The HKU1-B RBD exhibits an overall similar structure in the closed, active, and TMPRSS2-bound conformation, with certain regions undergoing substantial displacement and rotation, particularly the β hairpin (β9/β10) region. Tyr511 is notably rotated 5 Å upward, forming a bond with Lys340, revealing the impact of receptor binding on the structural changes of the HKU1-B RBD (Supplementary information, Fig. S14).

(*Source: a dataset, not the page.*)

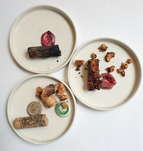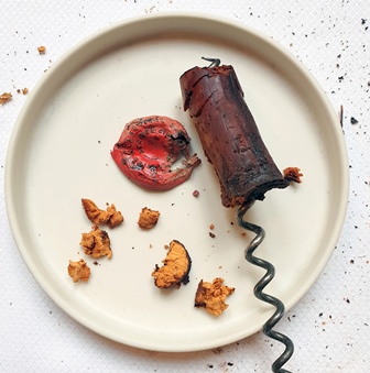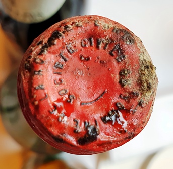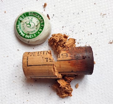Le bouchon du Beaune Grèves s’est fendu en deux en remontant mais je discutais avec Romain et j’ai sans doute manqué d’attention. Le bouchon du Richebourg 1963 est d’un noir gras. Il a tellement tapissé le goulot que la couche épaisse de gras noir m’impose d’utiliser mes doigts pour enlever cette exsudation du vin. Le nez du vin à l’ouverture me fait craindre le pire. Je subodore qu’il me faudra ouvrir une autre bouteille.

There are some variations in the interaction interface of the S proteins of HKU1-A or HKU1-C with TMPRSS2 (Supplementary information, Fig. S5). In HKU1-A RBD, the mutations, such as K487S, Y511D, and D507T, disrupt polar interactions with TMPRSS2 at the upper interface of the clamp. Additionally, the mutations N531R and S529D on the other side of the clamp may affect the interaction of HKU1-A RBD with TMPRSS2. And all of these mutations may explain the changes in the affinity of TMPRSS2 for the RBDs of both HKU1-A and HKU1-B.6

The transition of the S protein to the open conformations, which facilitates the binding of its RBD to the receptor, is crucial for the viral invasion mediated by the S protein.10 The S proteins of HKU1-A and HKU1-C are found in closed conformations in the apo state.7,8 In this study, we discover that the S protein of HKU1-B exhibits both closed and open conformations in the absence of the receptor, akin to SARS-CoV, SARS-CoV-2, and MERS-CoV.11,12 The ability of the HKU1-B S protein to spontaneously adopt active conformations highlights the difference between the HKU1-B and HKU1-A or HKU1-C. Our research suggests that the binding of the receptor TMPRSS2 can induce the S protein to more open conformations. The binding of TMPRSS2 induces a clockwise rotation of the S1 subunit and a centripetal compression of the NTD, resulting in the rise of RBDs and reducing the contact area between S1 and S2. The receptor-driven conformational changes in the HR1 and CH region of the S2 subunits at this point may provide a conformational basis for triggering the dramatical conformation change of the S2 subunits that cause membrane fusion and the viral invasion process.13

Coronaviruses employ various strategies to bind host cells to enhance their invasion efficiency. The S protein of HKU1-A binds to non-protein receptor 9-O-acetylated disialoside, a sialylated polysaccharide,14 triggering its conformational changes and resulting in RBDs in “up” position that favors the binding of the protein receptor,7 reflecting the synergistic interactions between non-protein and protein receptors, and promoting the efficiency of viral invasion into host cells.